Maria Kapajeva

Fluid Borders – Queering Borders

2025

Maria Kapajeva created this cyanotype in the summer of 2025 on the banks of the Narva River, at the border between Estonia and Russia, half a year after undergoing preventive cancer surgeries. Her new queer body no longer fits within a binary understanding of gender, yet nature offers countless examples of organisms that possess both female and male reproductive organs, or that reproduce without sexual organs altogether. Alongside her own body, the artist imprinted plants growing along the Narva River onto the fabric, including ferns and yarrow. By portraying herself as part of the river, Kapajeva points to the fluid and ever-changing nature of the human body.
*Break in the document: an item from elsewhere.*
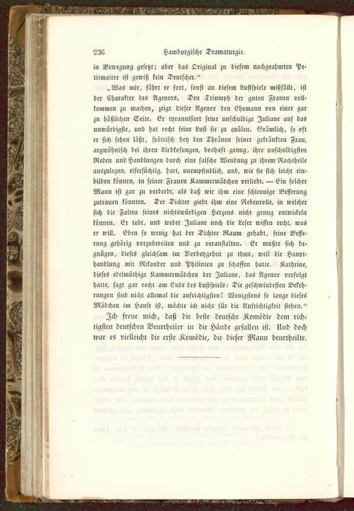 „WaS mir, fährt er fort, sonst an diesem Lustspiele mißfällt, istder Charakter des Agenors. Den Triumph der guten Frauen voll-kommen zu machen, zeigt dieser Agenor den Ehemann von einer garzn häßlichen Seite. Er tyrannisiret seine unschuldige Juliane auf dasunwürdigste, und hat recht seine Lust sie zu quälen. Grämlich, so ofter sich sehen läßt, spöttisch bey den Thränen seiner gekränkten Frau,argwöhnisch bei ihren Liebkosungen, boshaft genug, ihre unschuldigstenReden und Handlungen durch eine falsche Wendung zu ihrem Nachtheileauszulegen, eifersüchtig, hart, unempfindlich, und, wie sie sich leicht ein-bilden können, in seiner Frauen Kammermädchen verliebt. — Ein solcherMann ist gar zu verderbt, als daß wir ihm eine schleunige Besserungzutraue» könnten. Der Dichter giebt ihm eine Rebenrolle, in welchersich die Falten seines nichtswürdigcn Herzens nicht genug entwickelnkönnen. Er lobt, und weder Juliane noch die Leser wissen recht, waser will. Eben so wenig hat der Dichter Raum gehabt, seine Besse-rung gehörig vorzubereiten und zu veranstalten. Er mußte sich be-gnügcn, dieses gleichsam im Vorbeygehen zu thun, weil die Haupt-haudluug mit Nikaudcr und Philintcn zu schaffen hatte. Kathrine,dieses edelmüthigc Kamuiermädchen der Juliane, das Agenor verfolgthatte, sagt gar recht am Ende des Lustspiels: Die geschwindesten Bekeh-rungen sind nicht allemal die aufrichtigsten! Wenigstens so lange diesesMädchen im Hause ist, möchte ich nicht für die Aufrichtigkeit stehen."

Everything that lives contains water; it exists everywhere on Earth, from the clouds to the underground depths. Through the global water cycle, all bodies are connected within one vast body of water.
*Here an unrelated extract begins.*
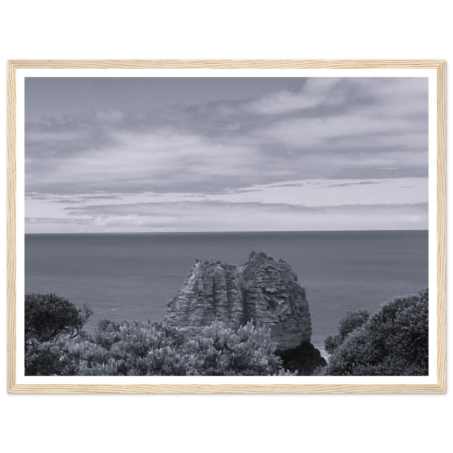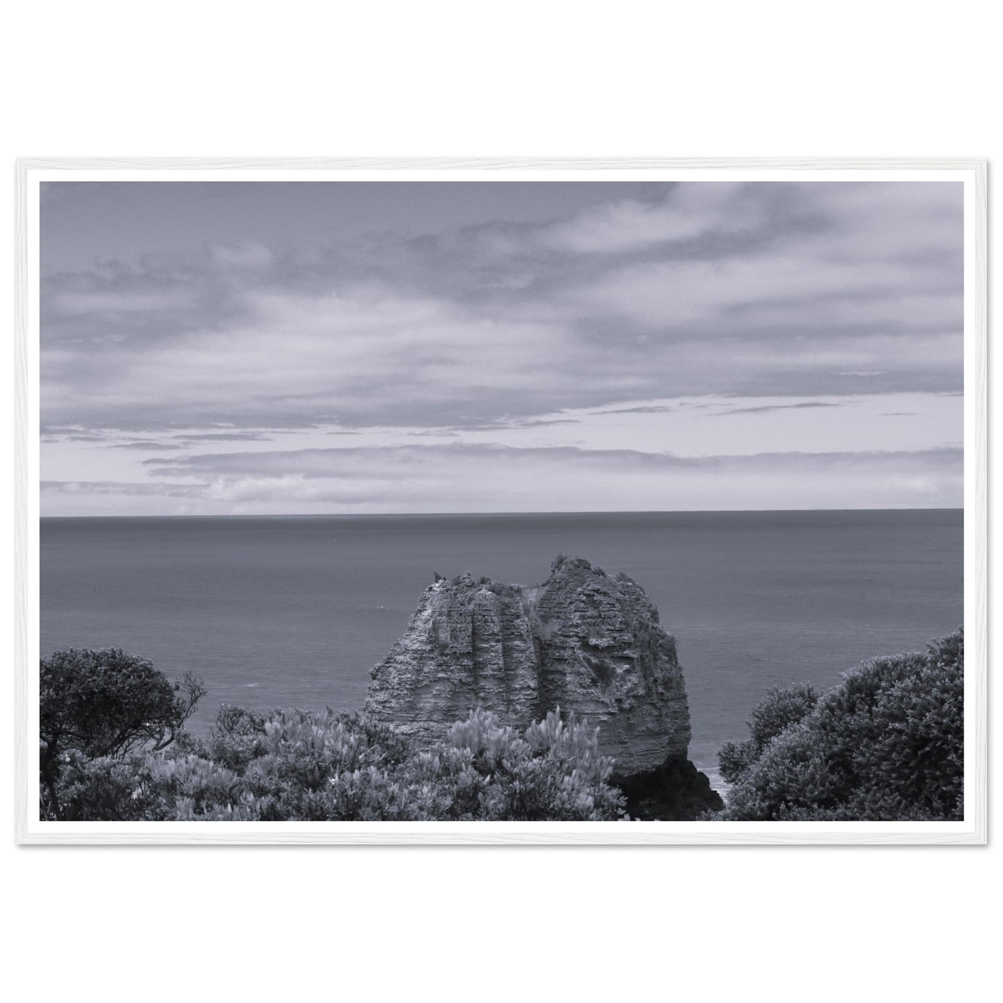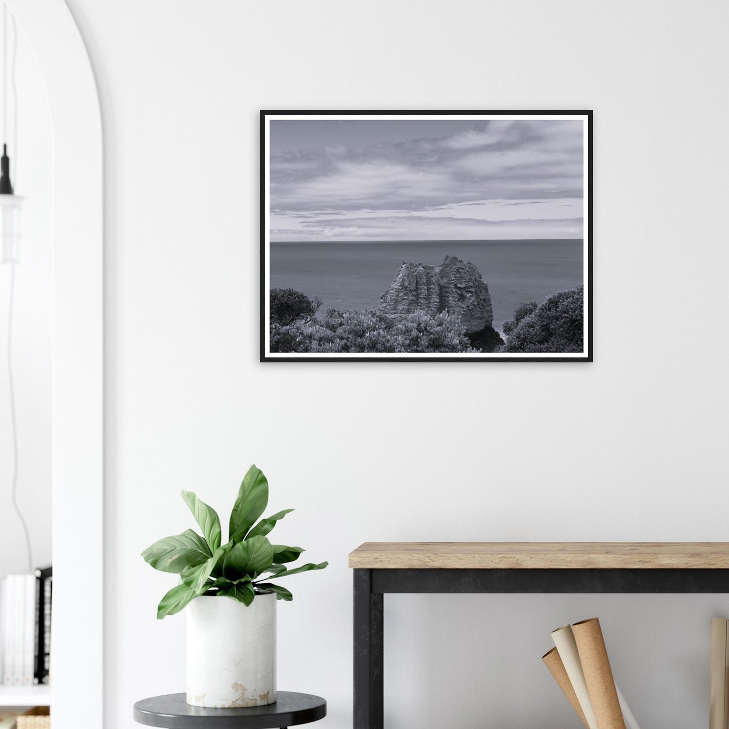 Great Ocean Road - Black & White - Premium matte paper poster with wooden frame

In the cyanotype technique, the surface of paper – or in this case, fabric – is coated with a slowly reacting light-sensitive emulsion. The method is primarily used to create photograms: objects are placed on the light-sensitive surface, and after exposure to light, their silhouettes are captured onto it. In the second half of the nineteenth century, the technique was popularised by Anna Atkins, who is regarded both as the creator of the first photobook and as the first female photographer. Over the course of a decade, she published three books containing photograms of British algae.